Там и тогда я не обратила на это внимания: мне и своих забот хватало. Но зачем ему было ехать туда, он ведь любит ходить на лыжах в Эстмарке… И совсем не в его духе было уточнять, где он катался; папа не имеет обыкновения посвящать меня в такие подробности.
Да, он отправился в Сёркедал. Пристегнул лыжи и дошел до Крукскуга. Поэтому его и не зафиксировала камера на пункте оплаты. И никто не видел его машину стоящей на обочине дороги, ведущей к Клейвстюа. Сколько времени займет такая лыжная пробежка у тренированного человека, часто встающего на лыжи? Три часа, три с половиной? Я считаю на пальцах: получается десять — половина одиннадцатого утра. Что там Гюндерсен говорил о временно́м отрезке? Вера набрала номер Сигурда незадолго до половины одиннадцатого. Первый звонок, на который он не ответил…
Я вижу, как это было. Папа сворачивает во двор. Сигурд слышит и выходит на крыльцо, думает, что Вера сама добралась от остановки. Папа ведет себя как ни в чем не бывало: надо же, Сигурд, ты здесь, в пятницу, в рабочий день, не ожидал… Проще простого было выманить Сигурда с дачи. Наверняка единственное, о чем он думал, — это как бы сплавить тестя до прихода Веры.

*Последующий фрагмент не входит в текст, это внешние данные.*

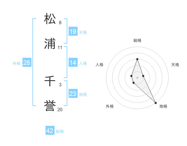 松浦 千誉さんを姓名の画数から五運を鑑定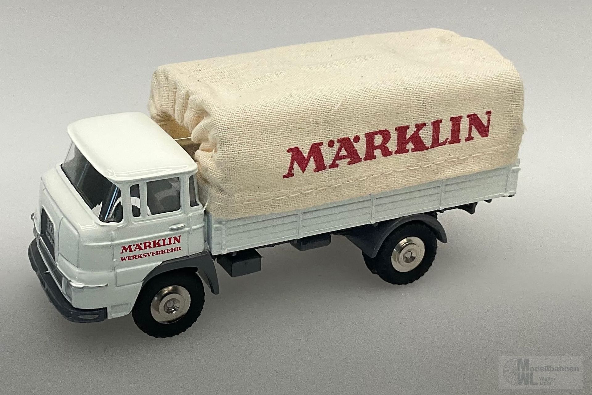 Modell: Baugröße ca. 1:45. Aufbau des LKW aus Metall-Druckguss, Boden aus Stahlblech. Metallräder als Drehteile mit Gummireifen. Kühlergrill, Scheinwerfer, Rücklichter und weitere Details farblich abgesetzt. Führerhaus mit Fenstereinsatz. Pritsche bestückt mit einem Planenaufbau. Passende Ergänzung zu den Modellen der Replika Serie und andere.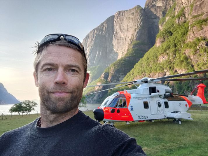 Litlu munaði að þyrlan þyrfti að nauðlenda Boði Logason skrifar 15. nóvember 2025 08:02 Eiríkur Ingi Jóhannsson komst einn lífs af þegar Hallgrímur SI-77 sökk við Noregsstrendur í janúar 2012. Slysið er rifjað upp í nýjustu Útkallsbók Óttars Sveinssonar. Útkall/Grafík Vísir Á tímabili leit út fyrir að þyrlan sem bjargaði Eiríki Inga Jóhannssyni í fárviðri í Noregshafi árið 2012 næði ekki til lands og yrði að nauðlenda í hamfarasjó vegna eldsneytisskorts. Ófyrirséðar aðstæður höfðu komið upp – gríðarlegt sjórok og saltaustur urðu til þess að mjög hægðist á vélinni þannig að hún eyddi mun meira eldsneyti en reiknað hafði verið með. Þetta kemur fram í bók Óttars Sveinssonar, Útkall - Ég er á lífi. „Ég vissi ekki að þetta hafi verið svona tæpt og sé það núna að björgunin var miklu umfangsmeiri en ég taldi fyrst. Ég vissi heldur ekki að þyrlan sem bjargaði mér varð að taka eldsneyti á olíuborskipi á leiðinni að slysstað og þeir komust í stórhættu þegar þeir lentu þar,“ er haft eftir Eiríki Inga í bókinni. Eiríkur Ingi viss ekki f,yrr en nýlega, að spilvírinn sem notaður var særðist þegar verið var að hífa hann og sigmanninn upp í þyrluna. Litlu munaði að vírinn slitnaði. Eiríkur Ingi fannst á lífi í sjónum tæpum fjórum klukkutímum eftir að fiskiskipið Hallgrímur SI-77 sökk þann 25. janúar fyrir tæplega fjórtán árum. Skipið hafði verið selt til Noregs og átti að sigla því þangað. Fjórir voru um borð. Þegar skipið var statt um 400 kílómetra frá Noregi komst sjór í stýrisvélarrúmið, það varð stjórnlaust og leki varð til þess að skipið sökk á skömmum tíma. Í bókinni Útkall - Ég er á lífi eru frásagnir Eiríks Inga, fjölskyldu hans og áhafna á tveimur þyrlum úr norska flughernum sem í raun lögðu líf sín í hættu við að bjarga honum og reyna að finna finna þrjá íslenska félaga hans. Þremenningarnir fórust allir og er bókin helguð minningu þeirra. Öldurnar á við fimm hæða hús Vebjørn Bjørstad, sem var 35 ára sigmaður, segist aldrei hafa séð annað eins sjólag þar sem öldurnar voru á við fimm til sex hæða hús. Þegar flogið var áleiðis á slysstað átti hann ekki von á að geta bjargað neinum á lífi: „Þegar við sáum loðnuskipið Herøyhav fannst mér það líta út fyrir að vera meira neðansjávar en ofan. Það var rosalegt að sjá hvernig öldurnar köstuðu skipinu til og frá. Ég virti senuna fyrir mér og hugsaði: Hvernig í ósköpunum á ég að komast í sjóinn til að bjarga einhverjum fyrst skip af þessari stærð lætur svona í hrikalegum öldunum? Og það sem meira var: Hvernig á að vera nokkur möguleiki á að finna fólk í þessu ofsaveðri og hvítfyssandi særoki?“ Sjóslysið við Noregsstrendur árið 2012 er rifjað upp í nýjustu bók Óttars Sveinssonar. Rætt er við Eirík Inga og þyrluáhöfnina sem bjargaði honum.Útkall Hugsaðu um börnin þín Eiríkur Eiríkur Ingi, sem var þrjátíu og fimm ára á þessum tíma, átti fjögur börn heima á Íslandi; Jónatan Jón, eins og hálfs árs, Vigdísi Sól fjögurra ára, Adam Valgeir fimm ára og Selku Sólbjörtu ellefu ára: „„Eiríkur, þú verður að hætta þessu. Þú verður að vera brattur! Hugsaðu um börnin þín. Þú verður að komast heim til barnanna þinna og konu,“ sagði ég upphátt við sjálfan mig, mér til hvatningar. Ég hélt áfram að hugsa, tala og berjast. Ég einfaldlega varð! Ég fór líka að syngja einhver lög þótt ég kynni ekki einn einasta texta. Ég söng bara eitthvað á meðan mig rak áfram.“ Selka Sól, ellefu ára dóttir Eiríks, var á fimleikaæfingu í Reykjavík: „Ég skynjaði að eitthvað skrýtið var í gangi. Eitthvað alvarlegt. Þjálfarinn minn sagði að ég mætti fara. Nú fór ég að verða áhyggjufull enda mjög óvenjulegt að mamma væri komin með öll systkini mín að sækja mig. Ég hljóp og náði í dótið mitt og fór til mömmu. Hún leiddi okkur út í bíl … það var eitthvað í gangi með pabba. Ég held að hún hafi sagt að hann væri týndur,“ er haft eftir Selku Sól í bókinni. Þú VERÐUR að ná þessari þyrlu Þegar Eiríkur Ingi sá aðra þyrluna koma yfir slysstað var hún í mörg hundruð metra fjarlægð frá honum: „Hugur minn var á fleygiferð og ákvörðunin um að synda áfram eða ekki togaðist á í mér. Það er allt of langt að þyrlunni. Ég á aldrei eftir að ná þessu. En svo gnísti ég tönnum og hrópaði: „Eiríkur, þú VERÐUR að ná þessari þyrlu!“ Og ég gargaði áfram: „Strákar, strákar. SJÁIÐ ÞIG MIG? Strákar, sjáið þið mig?“ Ég var staðráðinn í að ná sambandi við þá þótt ég vissi að þeir heyrðu ekki í mér.“ Í bókinni er einnig rætt við Olve Arnes flugstjóra sem kom auga á Eirík, eða réttara sagt á endurskinsborða á hettunni á gallanum hans. Eiríkur Ingi hafði þá barist fyrir lífi sínu í á fjórðu klukkustund og synt í um 20 til 25 mínútur í haugasjó. Þegar Vebjørn sigmaður ætlaði að fara út um dyrnar varð óhapp: „Þegar ég kom út úr þyrlunni og ætlaði að byrja að síga greip fárviðrið mig um leið. Þetta var versta veður sem ég hafði sigið í og nú gerðist svolítið sem ég hafði aldrei lent í áður. Ég fór ekki niður heldur hreif vindurinn mig aftur með þyrlunni og utan í hana. Um leið hafði Johnny spilmaður stungið höfðinu út úr vélinni til að fylgjast með mér en þá festist vírinn í hjálminum hans. Ég missti jafnvægið...,“ er haft eftir Vebjørn í bókinni. Þyrluflugstjórinn Olve Arnes segist aldrei hafa lent í eins miklu óveðri og þennan örlagaríka dag. Það telst kraftaverk að þyrlan hafi náð til lands - spaðarnir útataðir í salti og lítið eldsneyti eft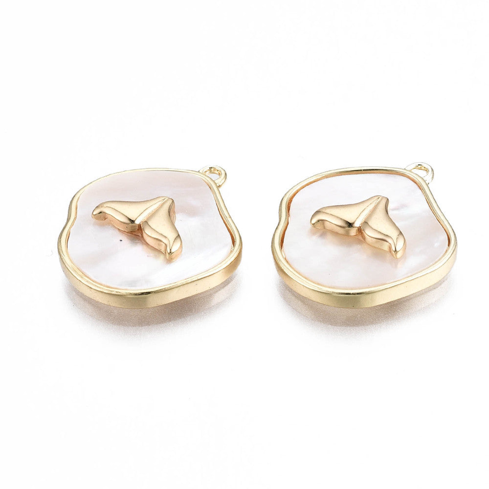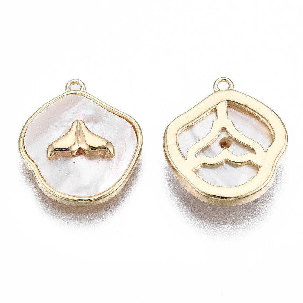 Pendentifs en laiton, avec coquille naturelle, sans nickel, queue de baleine, véritable 18k plaqué or, 16.5x14.5x3mm, Trou: 1.2mm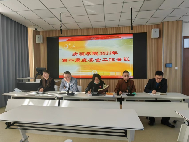 为贯彻落实齐齐哈尔医学院安全工作会议精神,推进病理学院各项工作安全稳定运行,3月8日上午,病理学院组织召开了2023年第一季度安全工作会议,会议由刘婷副院长主持,全体处科级干部及各部门秘书以上人员参加了会议。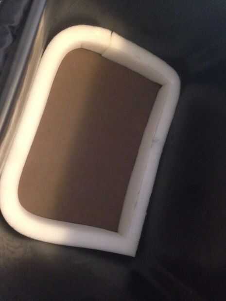 Antes de cortar las bandejas más, deja el pegamento en las paredes exteriores de nuestra bandeja de primera. Tome el cojín de espuma y cortar un nùmero con una anchura de la profundidad que su intento de ser. Mi primera bandeja es 1,5 pulgadas de profundidad y necesitaba 2 tiras para ir totalmente.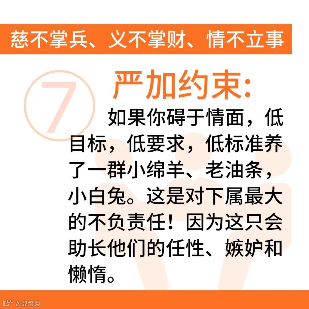 严加约束:如果你碍于情面,低目标,低要求,低标准养了一群小绵羊、老油条,小白兔。这是对下属最大的不负责任!因为这只会助长他们的任性、嫉妒和懒惰。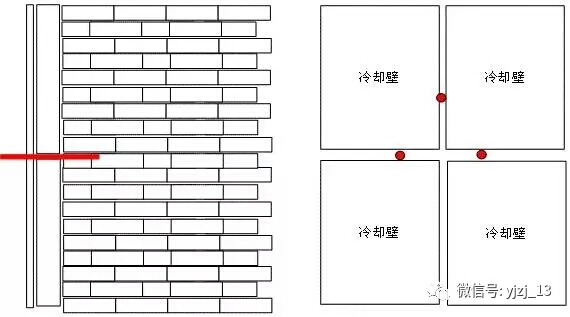 由于砌筑或生產(chǎn)過程中的熱膨脹現(xiàn)象,會(huì)在爐皮與冷卻壁間以及冷卻壁與爐缸炭磚之間產(chǎn)生氣塞,尤其在冷卻壁與炭磚之間的氣塞,會(huì)嚴(yán)重降低冷卻效率,致使炭磚熱面外擴(kuò),熔蝕加快。換角度說:只有消除氣塞,冷卻系統(tǒng)才會(huì)發(fā)生作用,將熱量傳遞出來,利于爐缸內(nèi)形成渣鐵保護(hù)層,促進(jìn)爐缸的安全長壽。

Разумеется, телефон он оставил на даче, ведь Вера могла позвонить при папе…
Они вместе идут к лесной опушке: папа — на лыжах, Сигурд — по дорожке, где снег растаял. Просил ли папа Сигурда что-то показать ему и выстрелил, пока тот стоял к нему спиной? Или рассказал, что собирается сделать, и велел повернуться лицом к лесу? Умолял ли Сигурд оставить его в живых? Испытывал ли он страх перед выстрелом или не заметил, как смерть настигла его?
Что сделал бы папа, если б застал на даче Веру? Если б он свернул во двор, а она вышла вместе с Сигурдом?… Нет, не могу даже думать об этом. Всему есть предел: не могу, и всё.
…Потом папа возвращается тем же путем. Оружие выбрасывает — может быть, в озерцо, на котором растаял лед, — или берет с собой домой. Что оружие у него есть, я не сомневаюсь: он ведь за свободу воли, а поскольку не состоит ни в каком клубе, насколько мне известно, оно наверняка и не зарегистрировано. Может быть, спрятано в подвале этого дома или в ящике стола, за которым я сижу… Дом хранит много секретов: в нем есть потайные комнаты, вместительные чуланы, съемные панели. Револьвер можно прятать здесь сколь угодно долго. Если приспичит, можно летом взять напрокат лодку и выбросить его в Бюнне-фьорд. Но это вряд ли.
Папа возвращается через лес, находит машину, убирает лыжи в багажник на крыше и едет домой. Чувствует воодушевление. Он, конечно же, не испытывает страха, поскольку чего же ему бояться? Мартовским днем в пятницу на лыжне пусто, а если ему и встретились бы другие любители зимних прогулок, вряд ли они обратили бы на него внимание, вряд ли узнали бы его, вряд ли вспомнили бы его по прошествии нескольких дней. Единственное, чего он мог опасаться, — это что подозрение падет на меня. Но он был уверен, что я весь день одного за другим принимаю пациентов. Ведь я, скорее всего, не рассказывала ему, в каком состоянии находится моя практика. Хотела, чтобы папа мною гордился…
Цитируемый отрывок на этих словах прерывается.